Disinformation: False or inaccurate information that is deliberately created and spread to mislead and manipulate people.

Frequently Asked Questions

AI changes the nature of high-stakes manipulation by making it more scalable, personalized, adaptive, and evasive. It enables the rapid generation of persuasive, tailored, and dynamic content across multiple formats, influencing beliefs and behaviors subtly and continuously.

While 2024 was a year full of elections worldwide, analysts argue that the impact of AI was rather limited: although instances of AI-generated disinformation were observed in numerous countries, their actual effect on electoral outcomes appears modest. However, it is important to remain wary of AI-enabled manipulation, as the risk could exacerbate in the future due to increasing capabilities and second-order trust erosion.

Terrorist groups could use AI to generate propaganda more productively and innovatively, radicalise individuals through personalized conversations, help with planning attacks and evading content moderation, or degrade the information environment. Terrorist groups are already leveraging AI to amplify multimedia recruitment propaganda.

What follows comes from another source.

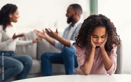© Prostock-studio, Obraz premium Sad girl with her fighting parents in the background
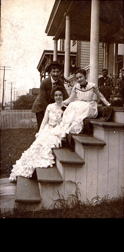 Date of this photo is about 1898. The place is not identified. The gentleman in the background (Seated up on the porch) is "J.W." Greenen. There can be NO DOUBT that the young lady on the lower step is his daughter, BLANCHE CECELIA GREENEN... Later Drew. The young man behind Blanche might be one of her brothers (perhaps Alf?) The young lady seated on the top step is Blanche's cousin, RUBY KRUEGER, (Daughter of Julia Ryan Krueger.) The young man might also be Ruby's brother or some other cousin. It is believed that the picture was taken at a "Ryan sisters (Greenen-Krueger) gathering" ...as there are other photos taken on this same day which tend to confirm that.

  • Technical safeguards: Identify AI-generated content through methods like watermarking and labeling.
  • Public Awareness: Promote digital literacy and critical thinking skills to help individuals recognize manipulative content.
  • Capability Assessments: Evaluate and mitigate the manipulative potential of AI models before deployment.
  • Policy & Regulation: Implement and enforce laws that penalize the malicious use of AI for manipulation.

Even if some instances of AI-enabled manipulation may not have a very substantial immediate impact, they may contribute to a longer-term negative effect on public trust that compounds over time. In particular, it could progressively erode epistemic security, making it harder for people to distinguish truth from falsehood; exacerbate polarization and social fragmentation; and undermine political, economic, and security stability.